RECORDS below:

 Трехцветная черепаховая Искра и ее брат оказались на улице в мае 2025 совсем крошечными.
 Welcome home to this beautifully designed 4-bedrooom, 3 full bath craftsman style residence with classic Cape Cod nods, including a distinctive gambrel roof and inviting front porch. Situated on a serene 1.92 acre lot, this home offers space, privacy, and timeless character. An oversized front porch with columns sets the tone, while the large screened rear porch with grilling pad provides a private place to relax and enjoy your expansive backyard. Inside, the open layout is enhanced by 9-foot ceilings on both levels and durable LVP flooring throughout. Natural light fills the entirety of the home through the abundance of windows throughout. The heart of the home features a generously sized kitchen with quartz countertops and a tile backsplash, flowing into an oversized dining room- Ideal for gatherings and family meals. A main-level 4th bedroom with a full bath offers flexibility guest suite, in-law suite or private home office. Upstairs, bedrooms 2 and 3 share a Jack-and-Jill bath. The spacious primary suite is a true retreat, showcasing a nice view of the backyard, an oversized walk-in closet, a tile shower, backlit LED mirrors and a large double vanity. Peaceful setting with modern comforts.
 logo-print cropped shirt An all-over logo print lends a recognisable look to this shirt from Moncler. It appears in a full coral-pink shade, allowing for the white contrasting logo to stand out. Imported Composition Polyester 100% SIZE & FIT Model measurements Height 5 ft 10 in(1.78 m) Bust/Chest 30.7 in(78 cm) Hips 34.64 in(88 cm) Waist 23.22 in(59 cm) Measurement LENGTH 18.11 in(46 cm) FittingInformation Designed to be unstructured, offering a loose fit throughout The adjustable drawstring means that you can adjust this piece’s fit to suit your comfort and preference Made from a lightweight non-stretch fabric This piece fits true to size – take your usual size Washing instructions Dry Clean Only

End of RECORDS.
RECORDS below:

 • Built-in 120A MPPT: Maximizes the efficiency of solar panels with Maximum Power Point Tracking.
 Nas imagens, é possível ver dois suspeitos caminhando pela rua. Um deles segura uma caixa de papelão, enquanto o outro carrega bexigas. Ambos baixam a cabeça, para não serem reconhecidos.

End of RECORDS.
RECORDS below:

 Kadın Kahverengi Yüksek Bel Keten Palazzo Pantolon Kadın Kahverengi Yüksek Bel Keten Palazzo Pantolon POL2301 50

End of RECORDS.

■ **TASK DIRECTIONS**: Could you write out, exactly as they stand, only the lines above that begin at the line with "Трехцветная черепаховая Искра" and stop after the line with "Welcome home to"?

■ **WRITTEN SOLUTION**:
 Трехцветная черепаховая Искра и ее брат оказались на улице в мае 2025 совсем крошечными.
 Welcome home to this beautifully designed 4-bedrooom, 3 full bath craftsman style residence with classic Cape Cod nods, including a distinctive gambrel roof and inviting front porch. Situated on a serene 1.92 acre lot, this home offers space, privacy, and timeless character. An oversized front porch with columns sets the tone, while the large screened rear porch with grilling pad provides a private place to relax and enjoy your expansive backyard. Inside, the open layout is enhanced by 9-foot ceilings on both levels and durable LVP flooring throughout. Natural light fills the entirety of the home through the abundance of windows throughout. The heart of the home features a generously sized kitchen with quartz countertops and a tile backsplash, flowing into an oversized dining room- Ideal for gatherings and family meals. A main-level 4th bedroom with a full bath offers flexibility guest suite, in-law suite or private home office. Upstairs, bedrooms 2 and 3 share a Jack-and-Jill bath. The spacious primary suite is a true retreat, showcasing a nice view of the backyard, an oversized walk-in closet, a tile shower, backlit LED mirrors and a large double vanity. Peaceful setting with modern comforts.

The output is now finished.